MaxCompute2.0 Index and Optimization Practices

简介: Dai Xiening, Senior Technical Expert of Alibaba Cloud, shared the information about the index and optimization practices of MaxCompute.

BD_009

Summary: At the Alibaba Cloud MaxCompute session during the 2017 Computing Conference, Dai Xiening, Senior Technical Expert of Alibaba Cloud, shared the information about the index and optimization practices of MaxCompute. He started from the data models of MaxCompute, shared experience on Hash Clustering and Range Clustering, analyzed the index optimization and join optimization with examples of application, and finally made a brief summary.

01

The highlights of the speech are as follows:

MaxCompute serves as both a computing engine and storage engine. With 99% of the data of Alibaba stored on this platform, it has always been our goal to optimize storage efficiency and thus improve computational efficiency.

Data models of MaxCompute

02

Now, the data models of MaxCompute include project, table, and partition. The data under the partition is stored disorderly where no data organization is defined.
So, can we improve the efficiency under the partition by defining data clustering, sorting, and index? The answer is yes.

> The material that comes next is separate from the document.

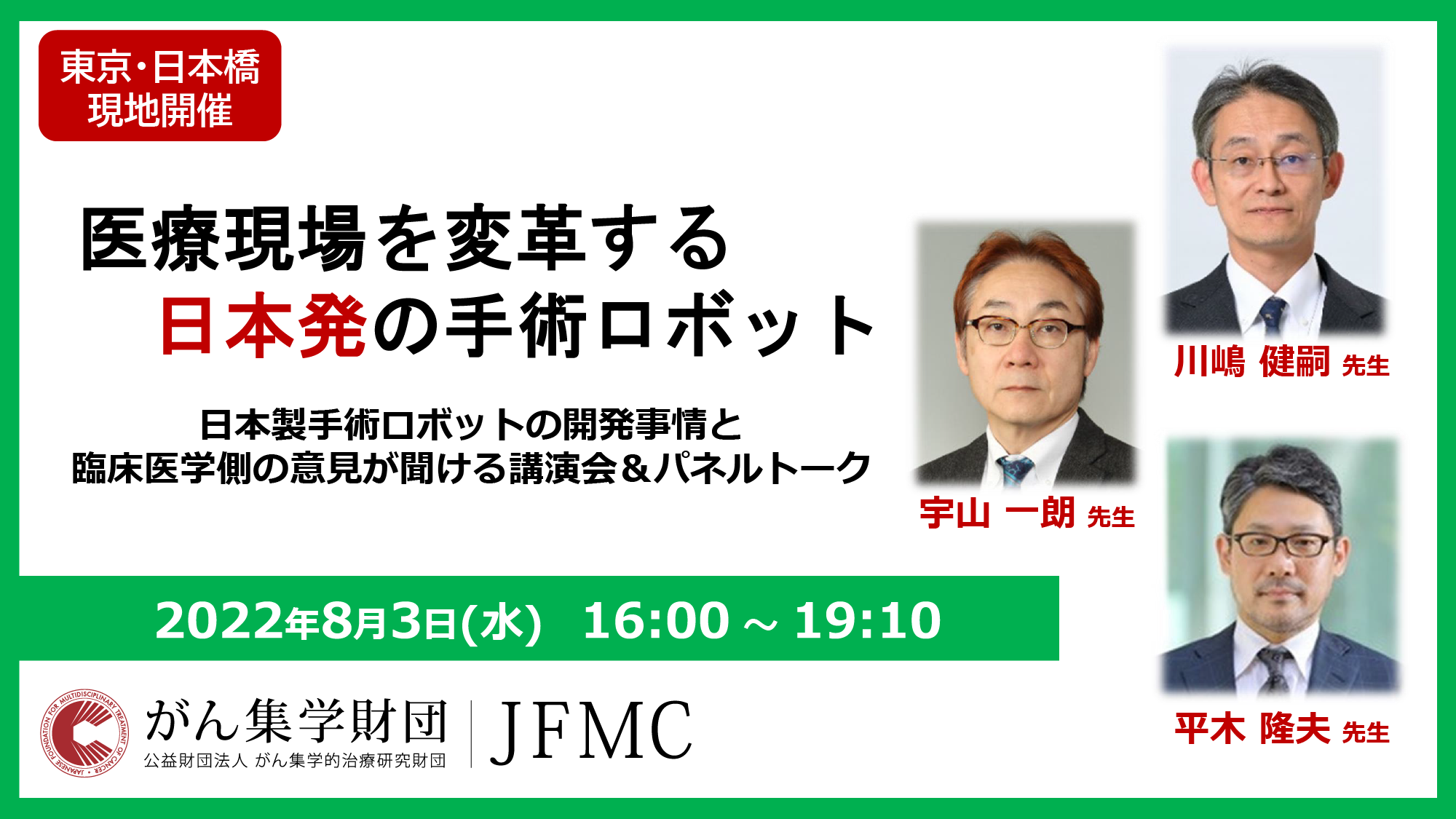 医療現場を変革する日本発の手術ロボットをテーマに講演会&パネルトークを8月3日(水)に東京・日本橋で開催。40年間がん治療・研究に取り組む「がん集学財団」が、がん治療としての手術ロボットに注目。

MaxCompute 2.0 provides two clustering methods: Hash Clustering and Range Clustering.

Hash Clustering

03

In Hash Clustering, users can specify several columns as the key chain in creating table. MaxCompute runs the hash function based on these columns, and stores the records with the same hash value in a cluster. The records with the same hash value are represented by different colors. Meanwhile, we define whether the clustering data is orderly or disorderly stored with syntaxes. For example, data is stored orderly if "sorted by" clause is specified. In this way, two results are produced: index is created in each file; and with top level index above the cluster, top level index defines the clustering number in the table, the detailed hash function, and the specified columns. All these help our later query.

Range Clustering

04

Range Clustering is more flexible and advanced than Hash Clustering. In Range Clustering, with Range Clustering columns specified, MaxCompute uses the "range clustered by" clause to sort all the files based on the value field of column. In addition, MaxCompute also clusters the files in a reasonable way to reduce data problems in parallel processing, considering the clustering principles such as cluster size and cluster difference rationalization. For example, we sort the nine records in the preceding figure and divide them into four clusters. With a "sorted by" clause specifying the data storage in each cluster, two levels of index are created after sorting: document level index and top level index. Top level index maintains each cluster, which corresponds to each range and interval.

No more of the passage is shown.